In a nutshell – intellectual property rights. Dana’s latest court petition explains, in great detail, the history of the dispute that followed Petty’s death. In general, however, it centers around who will control Petty’s intellectual property rights, including the marketing rights to his name and image, royalties, and artistic creations. Although there are no official figures indicating the estate’s value, some estimate Petty’s estate to be worth close to $100 million. Moreover, with artists such as Petty, the estate will likely earn royalties for decades to come.
For example, Dana chides Adria for wanting to authorize Petty’s name and likeness to be used for promotional products, such as salad dressing, akin to Paul Newman. She accuses both daughters of trying to lock her out of any say over how her late husband’s image, music, or other artistic properties are used, marketed, or managed. Adria and Annakim filed their own lawsuits against Dana. They allege that their father’s wishes, spelled out in the Thomas Early Petty Living Trust, could not be clearer.
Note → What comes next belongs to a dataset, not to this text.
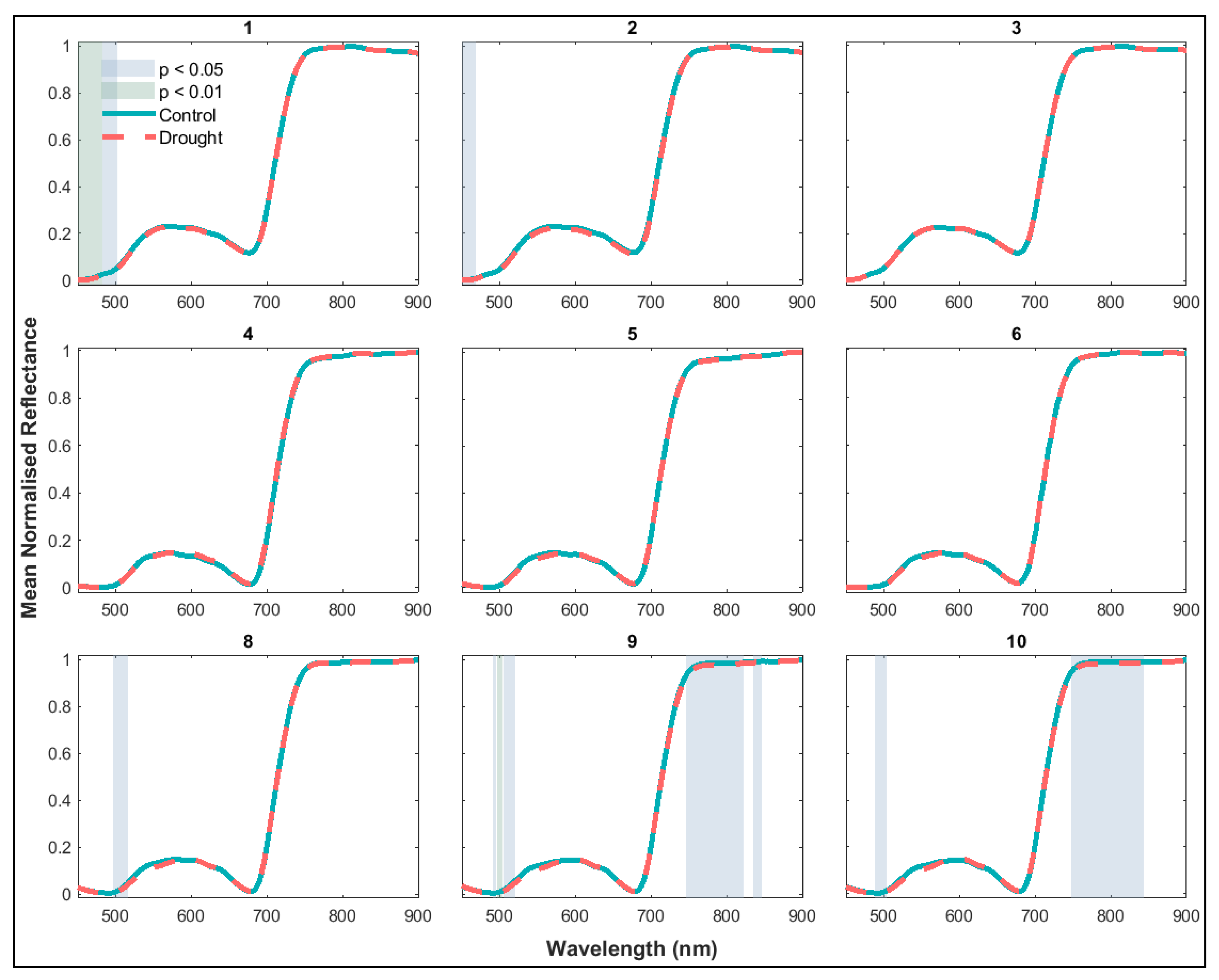 Figure 4. Spectral variation between treatments over the course of the 10-week experiment. Mean normalised reflectance at wavelengths with significant differences of p < 0.05 and p < 0.01 are shaded, respectively, using blue and green. The spectral profile for week 7 closely resembled that of week 6 and is therefore omitted for conciseness.

The Trust appointed Dana as the sole Trustee, meaning she is responsible for managing the Trust assets, but the Trust agreement also required her to transfer the artistic properties into a new limited liability company, or LLC. The Trust further directed that Dana, Adria and Annakim “shall be entitled to participate equally in the management of the Artistic Property Entity.” The daughters claim that the Trust contained a six-month time limit for the transfer, which passed long ago.
The primary dispute, however, appears to be over the meaning of “participate equally.” Not surprisingly, the two daughters claim it means all three get to vote and the majority rules. This would mean that the daughters could outvote and override Dana’s wishes whenever they want. Dana, on the other hand, proposes that the LLC should be managed by a professional manager, Larry Jenkins.
Adria and Annakim’s lawyers recently filed a lawsuit against Dana and several others, including Jenkins. They accuse Dana, Jenkins and the other defendants of stealing Tom Petty’s intellectual property, usurping corporate opportunities, breach of fiduciary duty, unfair competition, and conspiring to interfere with prospective economic advantages. Dana’s attorney calls this new lawsuit to be frivolous and “destructive nonsense”.
In the meantime, Tom Petty fans are the real losers because the litigation is causing a new album with unreleased music to be delayed.
This year marks the 25th anniversary of Petty’s most successful solo album, Wildflowers. A “treasure trove” of Tom Petty recordings from original album sessions are to be released on a planned commemorative album, called Wildflowers – All The Rest, as part of a new box set.
Dana says that Warner Bros. Records has already offered an advance of around one million dollars for the release, before serious negotiations have begun. But, she claims, Adria won’t agree. To support her position, Dana’s latest court filings include pages of detailed text messages and other communications sent between Adria and Dana.
Adria and her legal team have not yet responded to Dana’s most recent court papers, but her position is clear from the recent Complaint that seeks more than $5 million in damages against Dana and the other defendants. She and her sister allege that Dana, not them, has cost valuable business opportunities to be lost, usurping lucrative deals for herself. Dana vehemently denies the charges.
While the most valuable part of this – Petty’s artistic and intellectual properties – are to be divided in equal thirds for the benefit of his spouse and two daughters, their inability to reach a consensus on how to manage these assets means that none of them are likely to benefit from this anytime soon. Instead, Tom Petty’s legacy may be forever tarnished by his family’s battle over his Trust.
What Can We Learn from Tom Petty’s Estate?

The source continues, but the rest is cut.